Audiophile Audition has a new review for Viviana Guzman and Jérémy Jouve’s new Traveling Sonata recording and says that several of the “new-minted works with fresh new sounds make for an appealingly varied program.” The reviewer, Lee Passarella, calls the unique pairing of flute and guitar a pairing of “gentle” instruments and states that Guzman and Jouve programmed some perfectly tailored transcriptions – “all of which have a soothing nocturnal quality to them, Satie’s ironically named work (Gymnopédie No. 1) coming close as musically possible to suggesting a state of suspended animation. This is lovely music, lovingly played by Guzman and Jouve.” Passarella was also impressed by Jouve’s arrangement of François Borne’s Fantaisie brillante sur Carmen, saying that not only was it “skillfully arranged,” but also that the performance was “as colorful and lively as can be.”

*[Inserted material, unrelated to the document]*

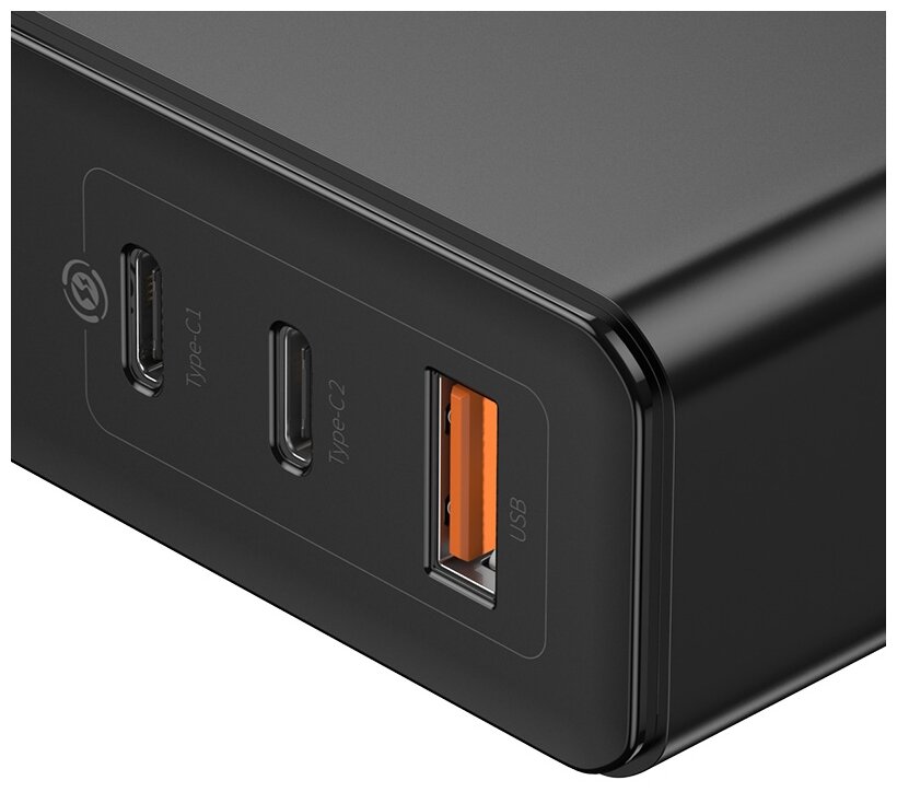 Baseus Сетевое зарядное устройство GaN Mini Quick Charger (CCGAN-J01) C+C+U + кабель Type-C-Type-C, 120 Вт, черный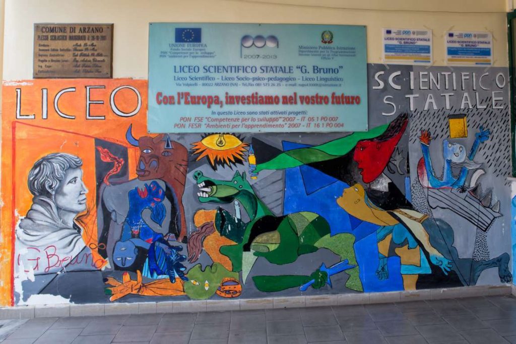Il progetto LABORATORIO GIORDANO BRUNO – SAPERE e SAPER FARE valorizza il protagonismo degli alunni; recuperato all’impegno coloro che manifestano disaffezione e scarsa motivazione; consolida la presenza attiva della scuola nella vita culturale e sociale (assai carente) del nostro territorio, che comprende, oltre Arzano e Grumo Nevano, diversi altri comuni situati nell’area a Nord-Ovest di Napoli. Il progetto si configura perciò – con i suoi otto moduli e i suoi sei partner, tutti già attivi sul territorio – non soltanto come azione didattica e culturale tesa a prevenire e recuperare le spinte all’abbandono e alla dispersione scolastica presenti tra i nostri alunni, ma anche come “contrasto attivo” alle dinamiche di marcescenza che caratterizzano più complessivamente i nostri contesti urbani. Attraverso la pratica organizzativa, culturale e didattica della “scuola aperta” (intesa, appunto, come laboratorio permanente di ricerca, sperimentazione e innovazione, e soprattutto come apertura al territorio e educazione alla cittadinanza attiva) intendiamo costruire giorno per giorno un “luogo aperto” di cultura e creazione artistica, che funga da esempio positivo anche per le fasce poco scolarizzate della popolazione.

But what most impressed this reviewer, were the more contemporary works on the recording like Ourkouzounov’s Sonatine, about which he states “the harmonies and rhythms of popular music, especially jazz, making for an enjoyable mix of hot and the cool.” And of Roland Dyens’s Traveling Sonata, Passarella hears the travels referenced within the title saying “this is a musical travelogue that recalls excursions to Bellizona in Italian-speaking Switzerland, the small Italian city of Mottola, and the Turkish city of Ankara…This is easily my favorite work amongst the contemporary ones on the program.” And guitarist Jérémy Jouve brings Passarella home with the premiere recording of Duplessy’s Cavalcade – “It’s a kind of perpetual motion machine, alternating near-inaudible chords and arpeggios with big strummed chords…and other tricks of the guitarist’s trade. Jouve plays it with fearless bravura.”
Passarella gives the recording a four-star rating and ends with “Guzman and Jouve offer a varied program of many pleasures, and I recommend it to just about everyone.”